Task statement: Once you reach the line containing "Το Armoury Crate είναι" in the data below, restate each line word for word up to and including the one containing "Jerusalem! Eternal throne, Where".
______________________________
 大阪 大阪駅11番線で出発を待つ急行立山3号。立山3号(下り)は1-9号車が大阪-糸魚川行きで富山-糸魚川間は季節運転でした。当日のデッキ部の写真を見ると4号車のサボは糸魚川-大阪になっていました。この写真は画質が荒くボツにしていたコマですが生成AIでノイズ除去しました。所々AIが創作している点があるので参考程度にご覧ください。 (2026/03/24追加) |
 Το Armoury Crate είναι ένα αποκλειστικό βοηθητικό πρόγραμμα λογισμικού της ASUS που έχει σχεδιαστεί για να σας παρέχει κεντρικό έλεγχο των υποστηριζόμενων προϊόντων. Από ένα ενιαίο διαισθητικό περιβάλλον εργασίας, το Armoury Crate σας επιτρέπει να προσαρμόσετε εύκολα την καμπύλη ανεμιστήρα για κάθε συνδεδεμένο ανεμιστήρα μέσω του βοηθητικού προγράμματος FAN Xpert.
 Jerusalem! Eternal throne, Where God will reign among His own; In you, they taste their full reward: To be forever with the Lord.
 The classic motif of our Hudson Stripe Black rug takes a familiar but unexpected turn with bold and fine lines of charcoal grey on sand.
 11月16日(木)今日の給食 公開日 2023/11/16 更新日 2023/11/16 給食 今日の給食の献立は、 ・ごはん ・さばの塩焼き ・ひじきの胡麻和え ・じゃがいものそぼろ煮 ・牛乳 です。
______________________________
Response for this exercise:
 Το Armoury Crate είναι ένα αποκλειστικό βοηθητικό πρόγραμμα λογισμικού της ASUS που έχει σχεδιαστεί για να σας παρέχει κεντρικό έλεγχο των υποστηριζόμενων προϊόντων. Από ένα ενιαίο διαισθητικό περιβάλλον εργασίας, το Armoury Crate σας επιτρέπει να προσαρμόσετε εύκολα την καμπύλη ανεμιστήρα για κάθε συνδεδεμένο ανεμιστήρα μέσω του βοηθητικού προγράμματος FAN Xpert.
 Jerusalem! Eternal throne, Where God will reign among His own; In you, they taste their full reward: To be forever with the Lord.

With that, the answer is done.